Today’s Newsletter will be in several parts. Not because they go together but because I just needed to send SOMETHING out tonight and too many topics have been building up.

Part 1: On Art and In Defense of Sundays

me @9:13 am: wanna come over for lunch?? miss you

meg @9:20 am: I’m seeing a solo movie at 1:30 pm, you’re welcome to join if you’d like…movie is cmon cmon

between 9:30 and 12:30: I ride a kind of emotional rollercoaster during this time. Feeling great—I have plans! Then feeling agitated, then feeling sad, then feeling angry that my rent is due before my direct deposit hits, then feeling ashamed that I feel anything but happy, and then realizing that I’m actually just hungry. In this moment I know I needed to shower, eat something and leave my apartment or I will let my bad mood ruin my day and cancel my plans. Once I do all of these things and listen to Dido’s entire 1999 album “No Angel” as I cross the Bay Bridge, I am Honestly Ok. (any Dido fan will appreciate that clever pun there).

1:45 pm: I meet Meg @ Kabuki 20 minutes late and 5 minute before the show starts.

CMON CMON WAS THE BEST MOVIE I HAVE SEEN IN A VERY LONG TIME. 

I found myself writing down quotes as it screened. Will definitely see again. I’m not going to tell you anything about it, other than it is a well-curated and un-manicured masterpiece. The whole cast’s performance was incredible, but Joaquin Phoenix amazed me.

C'mon C'mon | A24

Leaving the city, I received messages from another teacher-friend who was feeling the back-to-school dread I experienced on my roller coaster this morning (before my egg&cheese). Staring at the Monday-back-from-break isn’t for the faint of heart, but I think we’d all be happier if we just looked away? At least that’s what I told her. I haven’t planned a lesson for tomorrow yet. Instead, I went to see a great movie, had a lovely evening with a friend, took an edible and sent out this newsletter.
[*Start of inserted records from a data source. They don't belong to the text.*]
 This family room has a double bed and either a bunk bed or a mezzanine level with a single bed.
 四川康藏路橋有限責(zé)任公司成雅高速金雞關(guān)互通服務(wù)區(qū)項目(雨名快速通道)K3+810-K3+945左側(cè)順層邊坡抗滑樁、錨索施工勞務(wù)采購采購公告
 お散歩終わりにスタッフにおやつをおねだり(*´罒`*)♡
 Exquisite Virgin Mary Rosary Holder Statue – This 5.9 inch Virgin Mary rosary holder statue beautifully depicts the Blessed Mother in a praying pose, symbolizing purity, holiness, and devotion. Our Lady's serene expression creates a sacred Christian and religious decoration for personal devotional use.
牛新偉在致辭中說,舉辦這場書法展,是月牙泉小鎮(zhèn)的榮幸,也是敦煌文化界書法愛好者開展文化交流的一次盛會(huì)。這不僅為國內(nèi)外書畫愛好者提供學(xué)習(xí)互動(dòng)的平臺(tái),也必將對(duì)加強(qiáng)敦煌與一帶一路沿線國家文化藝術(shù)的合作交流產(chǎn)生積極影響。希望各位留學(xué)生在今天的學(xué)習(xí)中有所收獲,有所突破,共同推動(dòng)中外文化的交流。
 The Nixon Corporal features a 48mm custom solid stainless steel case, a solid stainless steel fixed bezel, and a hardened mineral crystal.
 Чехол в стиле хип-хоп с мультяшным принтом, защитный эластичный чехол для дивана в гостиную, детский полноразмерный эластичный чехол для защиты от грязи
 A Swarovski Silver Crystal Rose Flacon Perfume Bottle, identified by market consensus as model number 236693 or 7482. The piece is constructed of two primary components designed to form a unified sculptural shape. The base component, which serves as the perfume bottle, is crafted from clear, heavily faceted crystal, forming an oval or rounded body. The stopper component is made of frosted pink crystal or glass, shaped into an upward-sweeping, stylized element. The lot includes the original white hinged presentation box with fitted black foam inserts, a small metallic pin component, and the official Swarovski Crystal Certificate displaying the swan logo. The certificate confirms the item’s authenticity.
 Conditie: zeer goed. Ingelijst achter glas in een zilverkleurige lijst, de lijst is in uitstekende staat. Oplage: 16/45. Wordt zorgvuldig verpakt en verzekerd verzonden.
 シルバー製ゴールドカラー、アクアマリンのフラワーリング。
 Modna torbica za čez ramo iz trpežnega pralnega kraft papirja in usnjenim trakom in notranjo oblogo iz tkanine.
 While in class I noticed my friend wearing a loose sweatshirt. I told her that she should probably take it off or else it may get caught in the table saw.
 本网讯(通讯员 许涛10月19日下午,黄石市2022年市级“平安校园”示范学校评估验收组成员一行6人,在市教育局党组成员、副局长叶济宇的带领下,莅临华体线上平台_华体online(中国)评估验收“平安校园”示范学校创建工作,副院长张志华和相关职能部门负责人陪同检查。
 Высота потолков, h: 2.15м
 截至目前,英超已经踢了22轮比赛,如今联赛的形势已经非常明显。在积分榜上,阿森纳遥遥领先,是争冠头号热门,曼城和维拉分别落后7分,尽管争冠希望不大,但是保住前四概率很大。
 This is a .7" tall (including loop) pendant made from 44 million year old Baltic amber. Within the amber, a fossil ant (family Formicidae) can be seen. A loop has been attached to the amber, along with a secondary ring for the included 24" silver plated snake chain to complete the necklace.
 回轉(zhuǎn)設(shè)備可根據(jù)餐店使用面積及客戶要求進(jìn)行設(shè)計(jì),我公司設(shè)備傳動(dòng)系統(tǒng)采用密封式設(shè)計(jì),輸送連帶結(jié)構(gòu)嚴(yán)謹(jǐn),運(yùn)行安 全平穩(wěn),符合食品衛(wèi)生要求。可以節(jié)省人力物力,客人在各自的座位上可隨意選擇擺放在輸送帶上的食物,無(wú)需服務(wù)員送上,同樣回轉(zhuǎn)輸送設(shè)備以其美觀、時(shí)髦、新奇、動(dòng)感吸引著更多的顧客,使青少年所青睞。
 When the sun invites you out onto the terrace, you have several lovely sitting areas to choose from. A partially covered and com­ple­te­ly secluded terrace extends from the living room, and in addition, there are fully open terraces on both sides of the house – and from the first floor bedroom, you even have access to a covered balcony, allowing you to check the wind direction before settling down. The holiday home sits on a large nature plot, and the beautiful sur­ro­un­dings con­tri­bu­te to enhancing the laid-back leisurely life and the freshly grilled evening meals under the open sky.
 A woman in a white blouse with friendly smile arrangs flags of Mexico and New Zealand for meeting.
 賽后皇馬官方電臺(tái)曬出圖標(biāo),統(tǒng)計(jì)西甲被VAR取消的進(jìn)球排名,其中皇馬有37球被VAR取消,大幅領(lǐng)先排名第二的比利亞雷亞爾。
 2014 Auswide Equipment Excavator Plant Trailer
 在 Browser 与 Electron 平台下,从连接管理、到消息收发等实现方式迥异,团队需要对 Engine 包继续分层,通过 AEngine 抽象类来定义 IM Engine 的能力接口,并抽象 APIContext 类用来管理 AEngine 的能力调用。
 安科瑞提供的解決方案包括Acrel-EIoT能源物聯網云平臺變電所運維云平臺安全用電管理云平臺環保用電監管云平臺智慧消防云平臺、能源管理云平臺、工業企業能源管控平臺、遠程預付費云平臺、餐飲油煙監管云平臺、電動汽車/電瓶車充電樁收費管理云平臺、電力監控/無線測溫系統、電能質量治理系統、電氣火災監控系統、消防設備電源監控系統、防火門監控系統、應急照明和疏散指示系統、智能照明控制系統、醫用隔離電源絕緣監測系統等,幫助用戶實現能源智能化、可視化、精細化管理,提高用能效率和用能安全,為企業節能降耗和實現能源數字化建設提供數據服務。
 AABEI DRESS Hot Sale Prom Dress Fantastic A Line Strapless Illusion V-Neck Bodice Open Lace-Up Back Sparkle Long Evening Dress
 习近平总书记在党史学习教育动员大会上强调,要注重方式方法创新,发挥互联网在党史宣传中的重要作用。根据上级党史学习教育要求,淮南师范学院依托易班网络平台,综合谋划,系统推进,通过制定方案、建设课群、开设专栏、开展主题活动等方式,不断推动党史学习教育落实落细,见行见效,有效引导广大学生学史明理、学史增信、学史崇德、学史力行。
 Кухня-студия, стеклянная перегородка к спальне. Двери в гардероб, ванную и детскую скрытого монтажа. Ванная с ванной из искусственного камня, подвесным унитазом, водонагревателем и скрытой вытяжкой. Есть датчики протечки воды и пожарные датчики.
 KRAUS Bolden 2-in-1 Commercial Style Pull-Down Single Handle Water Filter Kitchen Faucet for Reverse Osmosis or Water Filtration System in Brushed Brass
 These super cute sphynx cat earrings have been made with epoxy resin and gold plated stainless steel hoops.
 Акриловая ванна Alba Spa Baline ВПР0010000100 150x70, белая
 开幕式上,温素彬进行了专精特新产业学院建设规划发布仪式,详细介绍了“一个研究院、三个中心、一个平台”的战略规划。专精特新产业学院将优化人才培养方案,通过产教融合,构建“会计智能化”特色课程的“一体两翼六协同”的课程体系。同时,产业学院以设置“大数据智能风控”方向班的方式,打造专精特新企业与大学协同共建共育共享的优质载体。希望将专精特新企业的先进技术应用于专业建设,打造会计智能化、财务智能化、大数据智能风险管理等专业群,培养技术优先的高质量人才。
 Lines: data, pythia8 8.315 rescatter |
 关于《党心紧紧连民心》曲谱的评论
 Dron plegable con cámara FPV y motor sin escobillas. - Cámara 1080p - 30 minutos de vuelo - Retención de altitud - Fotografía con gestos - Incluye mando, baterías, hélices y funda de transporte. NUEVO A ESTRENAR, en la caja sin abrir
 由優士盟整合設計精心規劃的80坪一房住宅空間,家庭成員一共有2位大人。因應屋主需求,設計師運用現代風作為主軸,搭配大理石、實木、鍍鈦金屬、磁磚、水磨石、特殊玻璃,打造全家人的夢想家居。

SUNDAYS NEED ART is all I’m saying. Go to a museum. See a movie. Go to a garage sale or skate around some graffittied concrete and get an idea. Go do human things. Read. Bake. Write. WHATEVER. but do it. or your sundays will suck for the rest of your life.

Part 2: On Writing

Today (Tuesday, November 23rd) I did my first writer’s sprint. 15 minutes of uninterrupted writing, pen never leaves the paper, no re-reading or editing until the timer goes off.

Prior to this I had read (re-read, though it had been years) the first few chapters of Natalie Goldberg’s Writing Down the Bones. My sister had given me a copy way back in the way when, and I remember knowing it was a special book but feeling I was not a special enough person to make use of it. I stopped reading it. I also stopped writing. Yesterday, in addition to finding the bones, I also picked up a copy of Stephen King’s On Writing after watching for the 67th time, the film “Stuck in Love” and feeling like I actually could, if I practice and carve space in my day, write a book that I would enjoy reading.

Flannery O’Connor slays with writing advice. Behold this gem of a quote:

“I write because I don't know what I think until I read what I say.” Uhm…boom.

I’m sorry but none of us actually know what we are doing when it comes to art and expression. There is no recipe. There are toxic ingredients to avoid, of course, and a rudimentary understanding of how a stove works, but this thing doesn’t work like a how-to manual. Writing is not a science. It is a felt sense of truth and a deep understanding that truth can change and that there is often more than several. So just trust yourself and your voice, okay? Oh, and figure out what paper texture and ink consistency frees your thoughts best. I am a 99 cent comp book and pilot v5 precise bxtch but am also partial to the office depot brand felt tips. they write and dry surprisingly quickly, which is a god-send for a lefthanded writer.

Part 3: On Escape, As a Concept (written in October, 2021 without courage to finish or share until November, 2021)

There is a high wind advisory in effect in the Bay today and if KQED’s trafficandweathertogether warnings didn’t tell me, the cute zig-zag my Subarau performed on the Bay Bridge while palm trees did side stretches to the right certainly kept me updated. Low humidity, high temps, high wind. Every Californian knows what that means: check your N95 drawer, charge your electronics, fill your gas tank up at least half way, and make sure you have some sort of air filtration device and bottles of water in case of wildfire or rolling blackouts. Fire season isn’t even close to over. *Let it be known I do exactly zero of these things but know I *should* in order to make for swifter, less stressful evacuation.

I have been thinking about escape recently, as a concept. What it means to pack up what you can, and flee with what you have left. I’ve been a big escape fan my whole life. The escape button on a keyboard is my favorite one to push. It lets you just get the fuck out, quickly and without trace. All these tabs are overwhleming? Great! Let’s just ~not~? Escape is alluring because it promises to erase all the mess that use to be, but escape is like salt — sometimes it is necessary to prevent rot and preserve nutrients, but too much of it can threaten life in the long run. Let it be known: I’m really good at escape. (Also known as dissociation when you do it right in front of your family when no actual danger presents itself).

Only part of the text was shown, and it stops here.